# Combining DataFrames

In this notebook, you'll see two different ways to combine _pandas_ DataFrames.

In [None]:
import pandas as pd

# Merging DataFrames

First, we'll import a DataFrame containing information on the revenue and quantity for sales that occurred in the year 2012.

In [None]:
sales_2012 = pd.read_csv('../data/sales_2012.csv')
sales_2012.head()

Next, we'll bring in a dataset which shows product, retailer, and order method information.

In [None]:
products = pd.read_csv('../data/products.csv')
products.head()

Notice that these two DataFrames can be linked together through the `Sale_ID` column. Let's merge these together so that we can do some further analysis.

Recall that the syntax for merging dataframes in pandas is:

```pd.merge(left dataframe, right dataframe, how to merge, column to merge on)```

In [None]:
combined_data = pd.merge(products, sales_2012, how = 'right', on = 'Sale_ID')

In [None]:
combined_data.head()

Looks like we have some missing values.

In [None]:
combined_data.info()

In [None]:
## How many values are we missing from each column?

combined_data.isnull().sum()

Notice that we have a row with Sale_ID of 3 which seems to be missing all of the product information.

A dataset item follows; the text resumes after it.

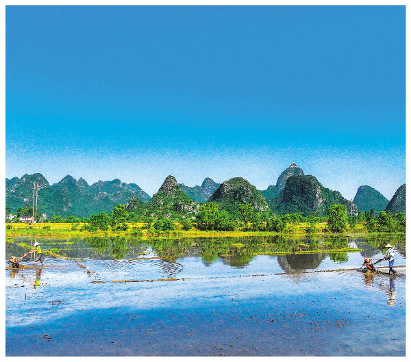 图为近日,塘北村农民在“天空之镜”里耕田。记者何平江 摄

Let's double-check that this information is not contained in the products data.

In [None]:
products[products['Sale_ID'] == 3]

Once combined, we can start asking questions of our data.

#### Question 1: Which product type generated us the most total revenue in 2012? 

In [None]:
# Try and fill in the code to answer this question

#### Question 2: What was our highest volume product?

In [None]:
combined_data.groupby('Product')['Quantity'].sum().sort_values(ascending = False)

What is Zone?

In [None]:
combined_data.loc[combined_data['Product'] == 'Zone']

#### Question 3: For which retailer type do we have the highest sales quantity of Zone?

In [None]:
combined_data.loc[combined_data['Product'] == 'Zone'].groupby('Retailer_type')['Quantity'].sum().sort_values(ascending = False)

# Concatenating DataFrames

Notice that we also have access to sales data for 2013. Let's read it in.

In [None]:
sales_2013 = pd.read_csv('../data/sales_2013.csv')
sales_2013.head(2)

This data looks to be formatted in the same way as our 2012 sales data.

In [None]:
sales_2012.head(2)

What if we want to combine these two DataFrames. In this case, we don't want to merge, as each record should still have its own row in the result. Instead, this is a time when we want to **concatenate**. 

To concatenate DataFrames, we can pass the dataframes that we want to combine as a list into the `pd.concat` function.

In [None]:
pd.concat([sales_2012, sales_2013])

Note that while we have 66840 rows, the index value at the end of the DataFrame is only 32944. We can reindex the result by using the `ignore_index` argument.

In [None]:
pd.concat([sales_2012, sales_2013], ignore_index = True)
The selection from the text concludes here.